# EXERCISE DIRECTIONS:
All of the data below should come back exactly as written, minus its images.

# DATA:
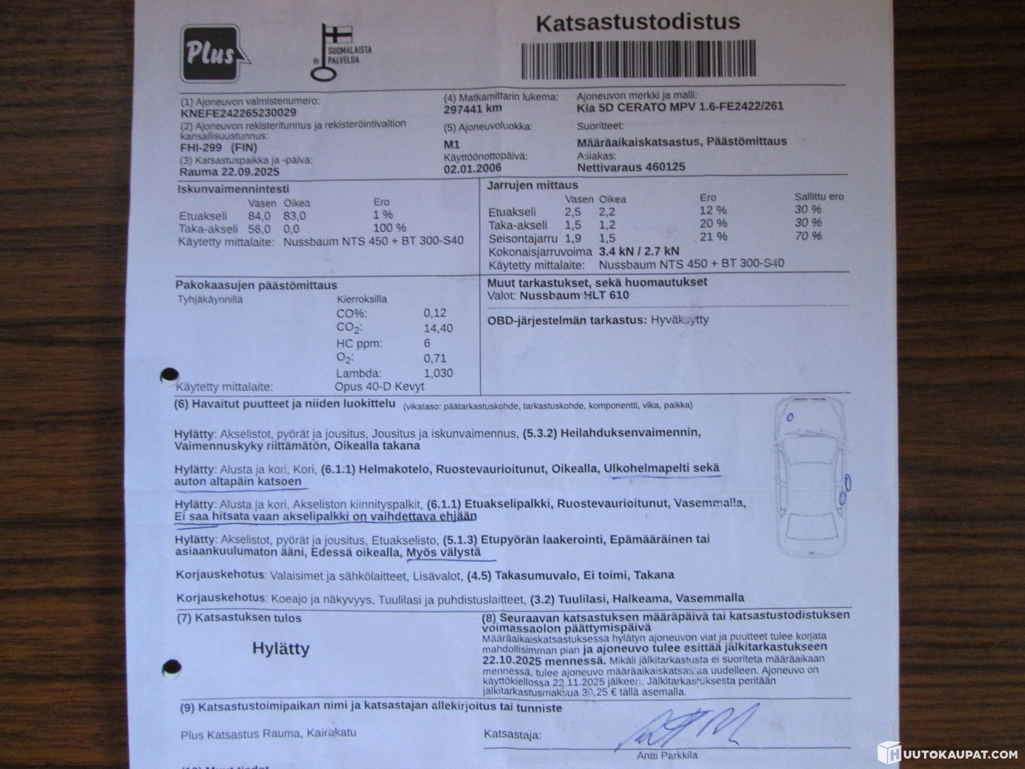 Katsastuksen vikalappu näkyy viimeisessä kuvassa.
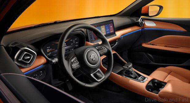 Inside we get the most drastic improvements. Both the instrument cluster and the infotainment unit are now 12.3″ across but there is a smaller 10.25″ version of the infotainment unit on the lower tier model. MG has retained physical buttons here, which is a plus. The interior has a new fun looking orange and black combination. Finally the steering wheel has three spokes and a flat bottom.
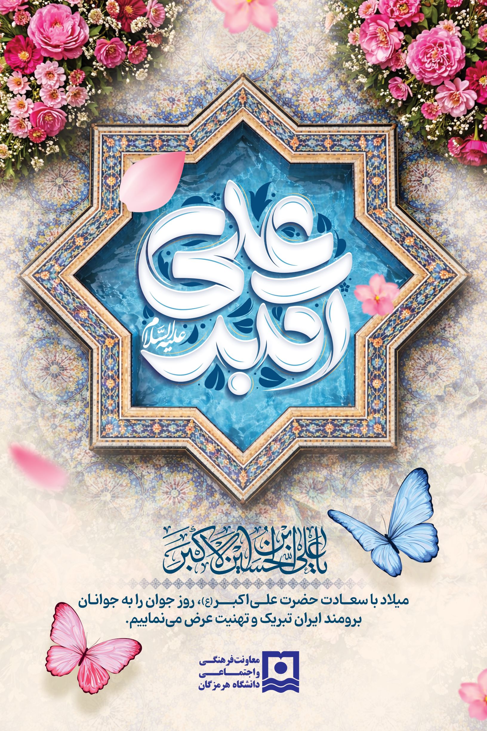 به مناسبت فرا رسیدن یازدهم شعبان‌المعظم، سالروز ولادت باسعادت حضرت علی‌اکبر (ع) و روز جوان، اینجانب ضمن تبریک این مناسبت فرخنده به همه جوانان به‌ویژه دانشجویان فرهیخته دانشگاه هرمزگان، بر اهمیت نقش بی‌بدیل نسل جوان در پیشرفت علمی، فرهنگی و اجتماعی جامعه تأکید می‌کنم.
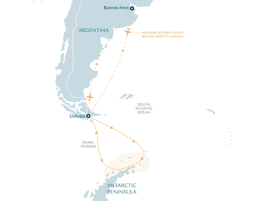 南極半島 Antarctica Peninsula 在迷人的冰川、雄偉的冰山和雪白的島嶼之中,南極半島是大多數前往白色大陸的遊客實現南極夢的地方。這是最容易到達的部分,擁有科學研究基地和令人難以置信的美景。岸上短途旅行可能包括佩特曼 島,這裡是阿德利企鵝、藍眼鷗和海雕的棲息地,還有巨大的、笨重的海象在此休息。 Among captivating glaciers, majestic icebergs and snowy islands, the Antarctic Peninsula is where most visitors to the White Continent live their Antarctica dream. It's the most accessible part, with scientific bases and incredible scenery, like the photogenic Lemaire Channel. Shore excursions might include Mikkelsen Harbour, where among gentoo penguins, snowy sheathbills and skuas, Antarctic Weddell seals haul out. (船長及船員將配合天氣環境變化而彈性地安排遊輪的每日航程及登陸南極大陸。)

# WRITTEN ANSWER:
 Katsastuksen vikalappu näkyy viimeisessä kuvassa.
 Inside we get the most drastic improvements. Both the instrument cluster and the infotainment unit are now 12.3″ across but there is a smaller 10.25″ version of the infotainment unit on the lower tier model. MG has retained physical buttons here, which is a plus. The interior has a new fun looking orange and black combination. Finally the steering wheel has three spokes and a flat bottom.
 به مناسبت فرا رسیدن یازدهم شعبان‌المعظم، سالروز ولادت باسعادت حضرت علی‌اکبر (ع) و روز جوان، اینجانب ضمن تبریک این مناسبت فرخنده به همه جوانان به‌ویژه دانشجویان فرهیخته دانشگاه هرمزگان، بر اهمیت نقش بی‌بدیل نسل جوان در پیشرفت علمی، فرهنگی و اجتماعی جامعه تأکید می‌کنم.
 南極半島 Antarctica Peninsula 在迷人的冰川、雄偉的冰山和雪白的島嶼之中,南極半島是大多數前往白色大陸的遊客實現南極夢的地方。這是最容易到達的部分,擁有科學研究基地和令人難以置信的美景。岸上短途旅行可能包括佩特曼 島,這裡是阿德利企鵝、藍眼鷗和海雕的棲息地,還有巨大的、笨重的海象在此休息。 Among captivating glaciers, majestic icebergs and snowy islands, the Antarctic Peninsula is where most visitors to the White Continent live their Antarctica dream. It's the most accessible part, with scientific bases and incredible scenery, like the photogenic Lemaire Channel. Shore excursions might include Mikkelsen Harbour, where among gentoo penguins, snowy sheathbills and skuas, Antarctic Weddell seals haul out. (船長及船員將配合天氣環境變化而彈性地安排遊輪的每日航程及登陸南極大陸。)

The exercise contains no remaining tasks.